▶ [Information given]:
· · ·
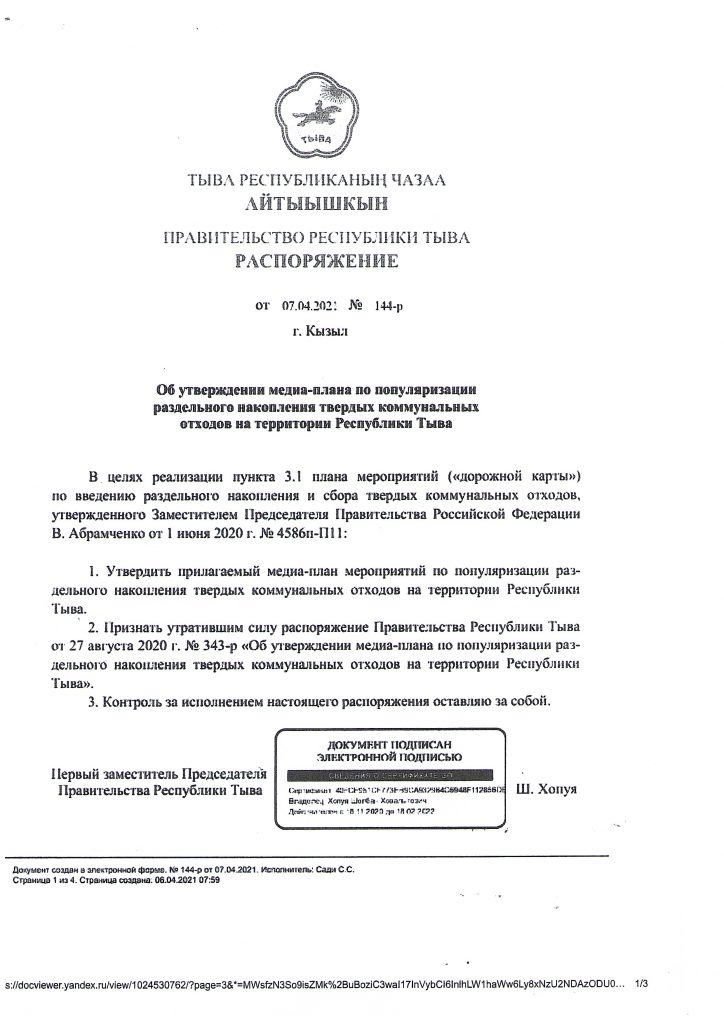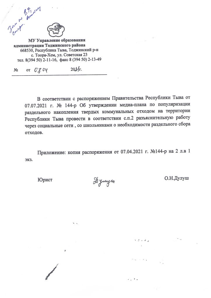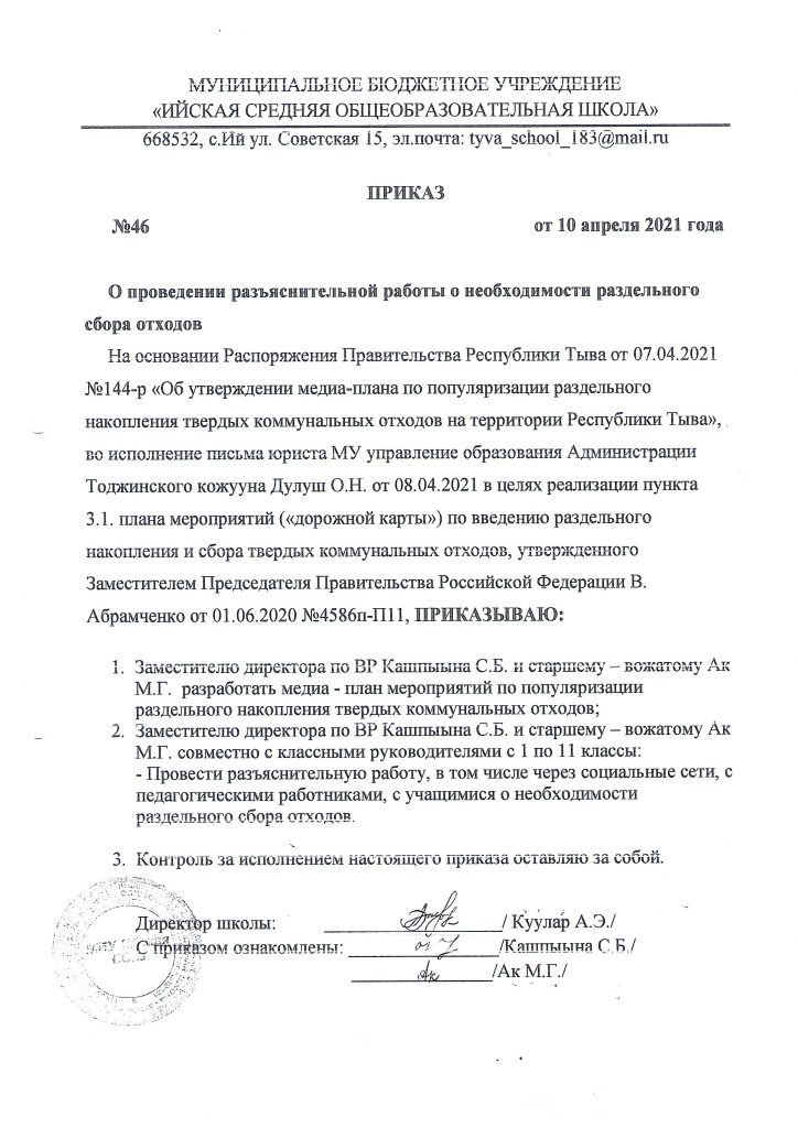 На основании Распоряжения Правительства Республики Тыва от 07.04.2021г. № 144-р «Об утверждении медиа-плана по популяризации раздельного накопления твердых коммунальных отходов на территории Республики Тыва» в МБУ Ийской СОШ была проведена разъяснительная работа о необходимости раздельного сбора отходов.
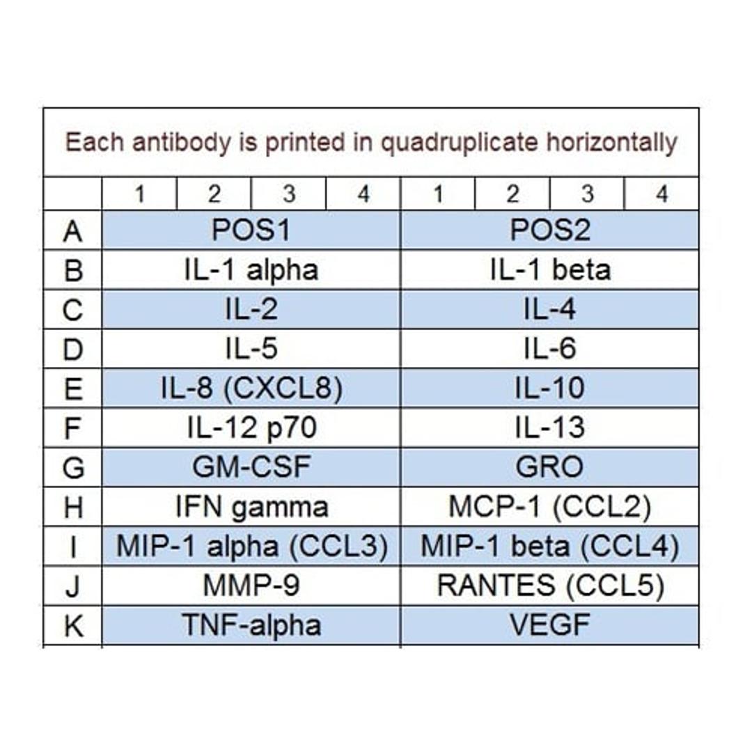 Quantibody® Human Cytokine Array 1 Kit. Detects 20 Human Cytokines. Suitable for all liquid sample types.
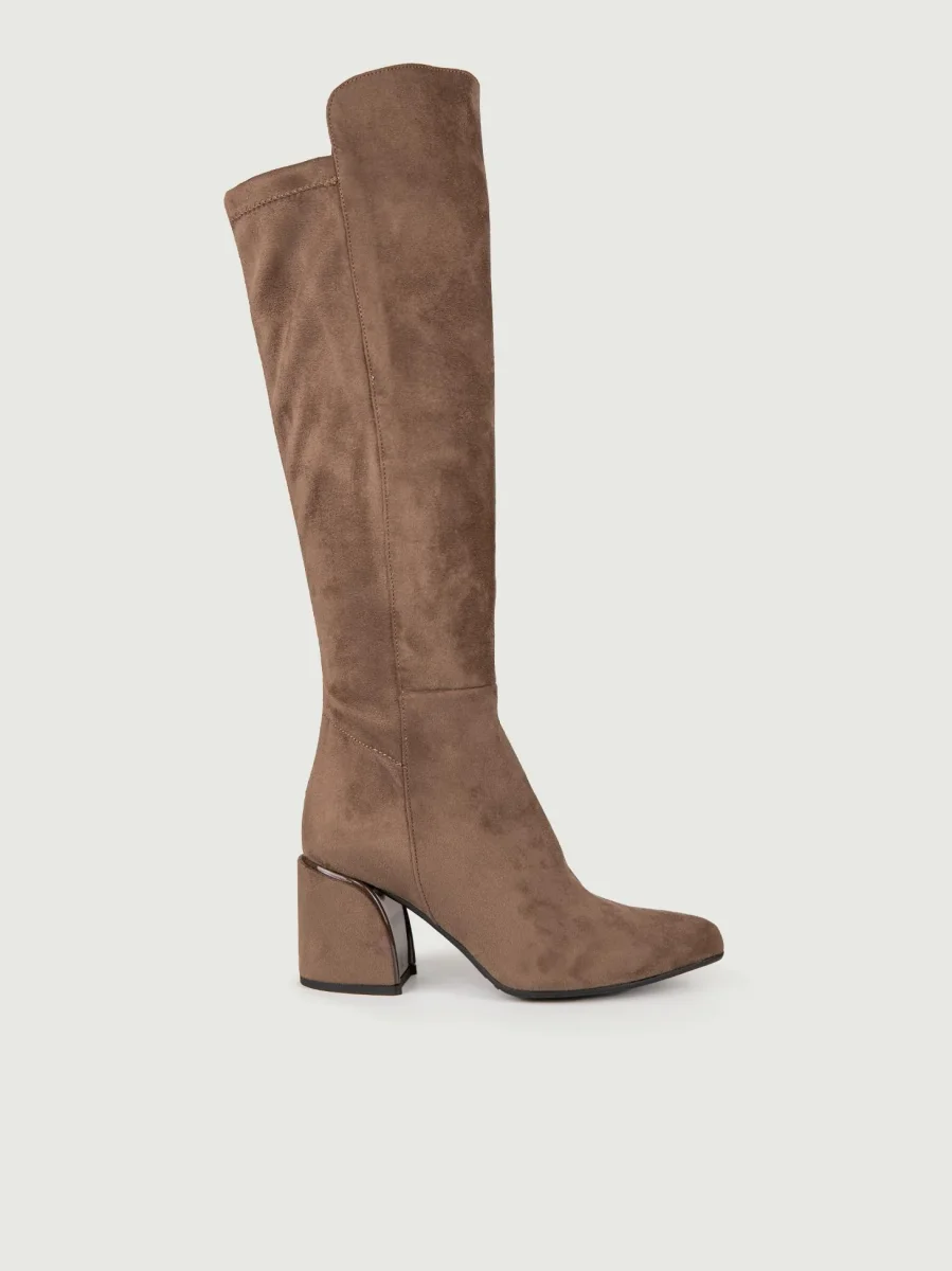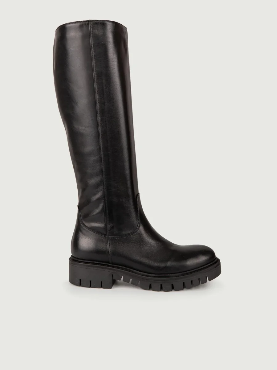 Stivale alto in pelle cuoio effetto naplak con tacco optical spesso, un must-have assoluto per le donne che amano questa tipologia di calzatura e sono alla ricerca di qualcosa di grintoso e diverso dal solito. Chiusura zip in metallo laterale per facilitare la calzata della scarpa. Punta leggermente stondata. Cuciture a vista in tonalità. Gambale rigido alto fin sotto al ginocchio. Altezza tacco: 7.5 cm. Calzata regolare. Tomaia e fodera in vera pelle. Suola in gomma.
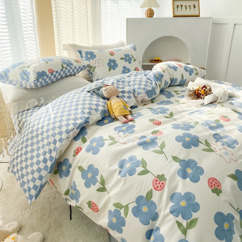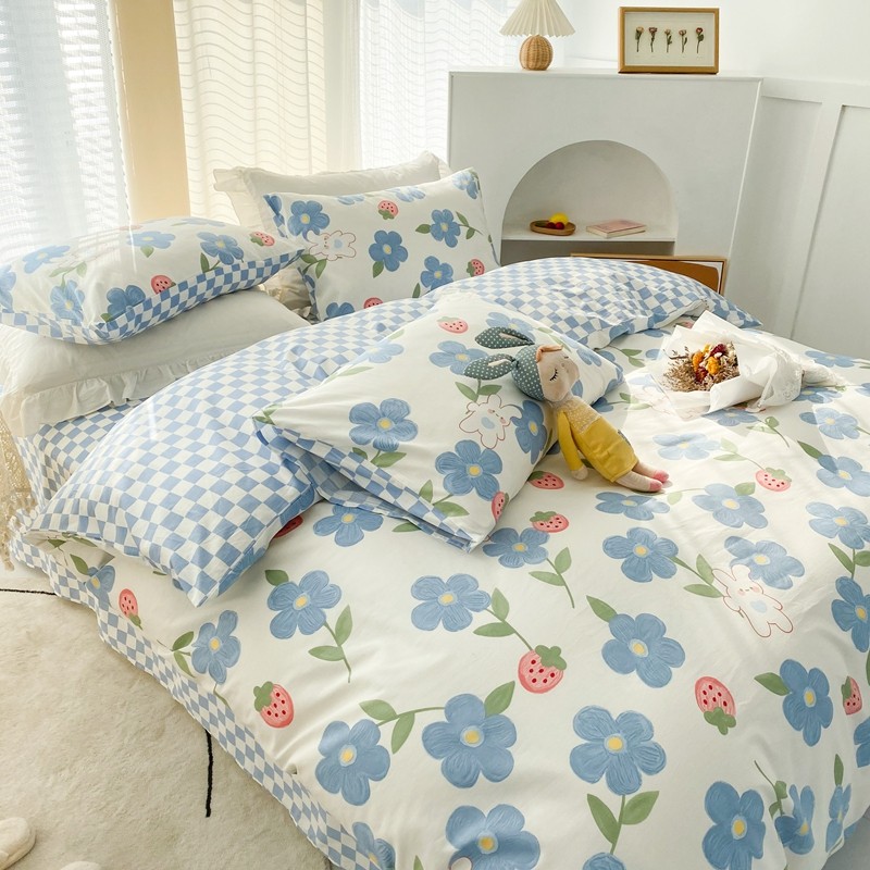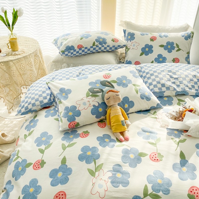 商品名称:优彩2022新款全棉13372印花单被套 蓝花兔
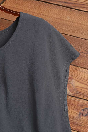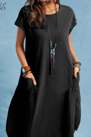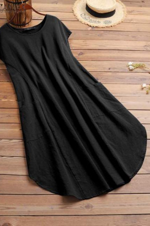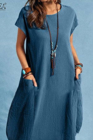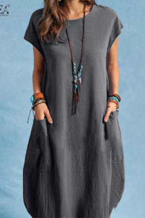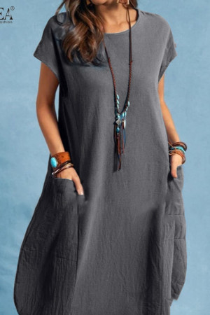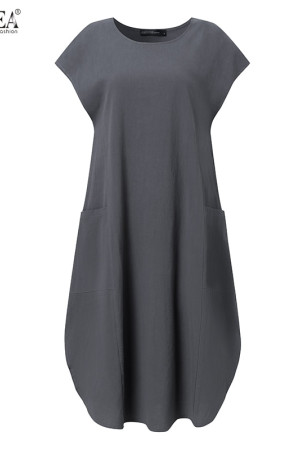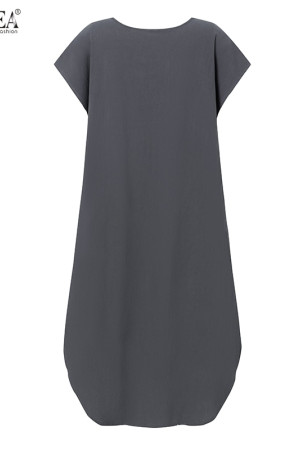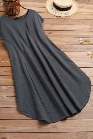 Oversized Vintage Summer Breeze: Short Sleeve Solid Sundress Kneelength Casual Loose Cotton...
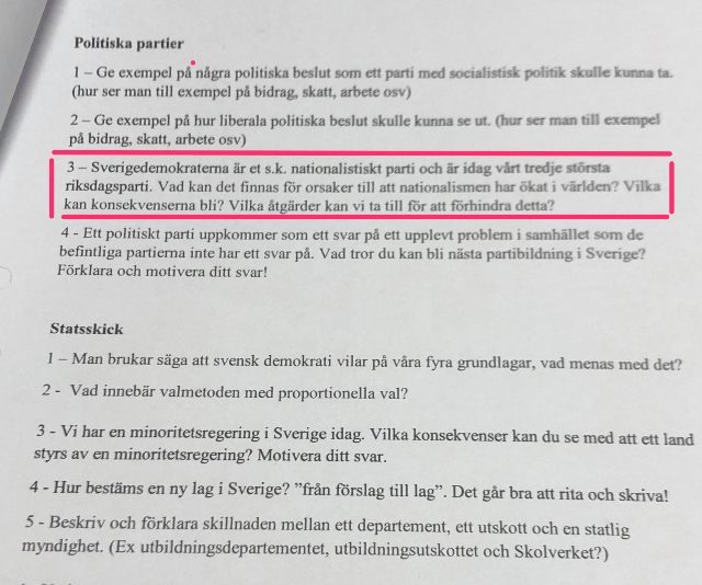Hej igen! Jag har pratat med rektor Jörgen Malm och visat uppgiften och vi är överens om att uppgiften inte är formulerad på ett opartiskt sätt. Jörgen kommer att prata lärarna i samhällskunskap på programmet. Med vänlig hälsning Ulla-Britt Persdotter
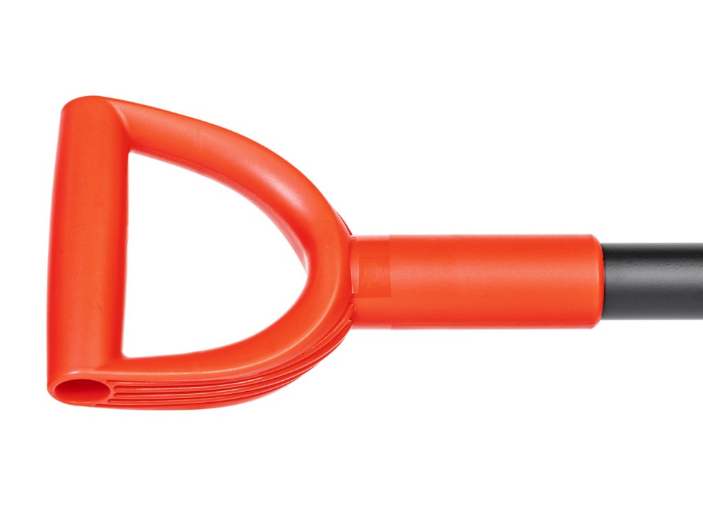 - Rýľ má ergonomicky tvarovanú rukoväť v tvare písmena „D“ z kvalitného plastu PP, ktorá umožňuje pevný úchop a dobré ovládanie aj pri dlhšom používaní. Vďaka dĺžke 118 cm poskytuje pohodlnú pracovnú výšku a znižuje únavu chrbta.
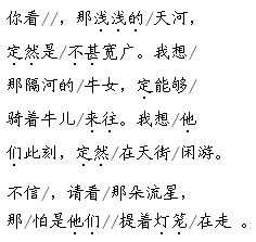 解析 读好这首诗,想象画面很重要。根据每小节的内容想象画面。第一小节应读出一份惊喜;第二小节应表现出一种赞美;第三小节表现出欢乐;第四小节要读出意境中的那一丝忧郁,那种淡淡的伤感。朗读时,要把声音放得柔和而舒缓,轻声慢读。
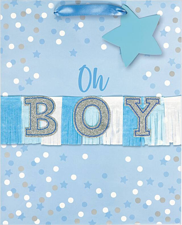 • Blue paper gift bag features dots and stars scattered in the background and the headline "Oh Boy" in a glittery silver finish
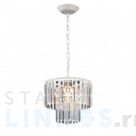 Поставщик рекомендует использовать лампы накаливания с цоколем E14 для освещения площади 8,9 м2. Подвесная люстра Vitaluce V5179-0/4 в стиле прованс используется в интерьере гостиной с установкой на потолок.
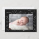 Placa de Dia de os namorados moderna com "Meu Primeiro Dia de os namorados!" em um roteiro branco com corações desenhados à mão ao longo das laterais da placa em um fundo preto. Sua foto horizontal é exibida perto do meio do design. Personalize o cartão de Dia de os namorados preto e branco, acrescentando o seu nome e o ano em caracteres brancos. A carta se inverte para exibir um padrão de corações negros.
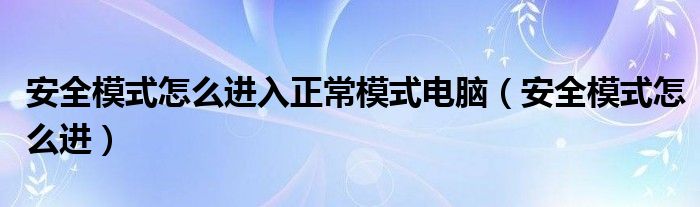 大家好,来宝来为大家解答以下问题,安全模式怎么进入正常模式电脑,安全模式怎么进很多人还不知道,今天让我们一起来看看吧!
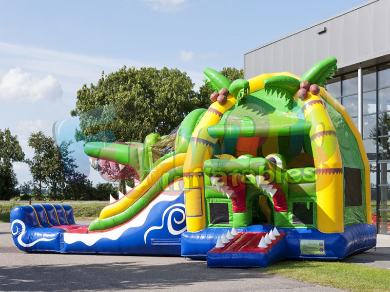 Además, Bouncer Multiplay Crocodile con tobogán está decorado en colores vivos y diseñado con el popular tema de cocodrilo. El castillo hinchable multiplay también está disponible en otros 15 temas diferentes.
· · ·
▶ [Exercise aim]: Put down exactly the lines of the data above that run from its first line through the line bearing "商品名称:优彩2022新款全棉13372印花单被套 蓝花兔", and no pictures.

▶ [Answer area]:
 На основании Распоряжения Правительства Республики Тыва от 07.04.2021г. № 144-р «Об утверждении медиа-плана по популяризации раздельного накопления твердых коммунальных отходов на территории Республики Тыва» в МБУ Ийской СОШ была проведена разъяснительная работа о необходимости раздельного сбора отходов.
 Quantibody® Human Cytokine Array 1 Kit. Detects 20 Human Cytokines. Suitable for all liquid sample types.
 Stivale alto in pelle cuoio effetto naplak con tacco optical spesso, un must-have assoluto per le donne che amano questa tipologia di calzatura e sono alla ricerca di qualcosa di grintoso e diverso dal solito. Chiusura zip in metallo laterale per facilitare la calzata della scarpa. Punta leggermente stondata. Cuciture a vista in tonalità. Gambale rigido alto fin sotto al ginocchio. Altezza tacco: 7.5 cm. Calzata regolare. Tomaia e fodera in vera pelle. Suola in gomma.
 商品名称:优彩2022新款全棉13372印花单被套 蓝花兔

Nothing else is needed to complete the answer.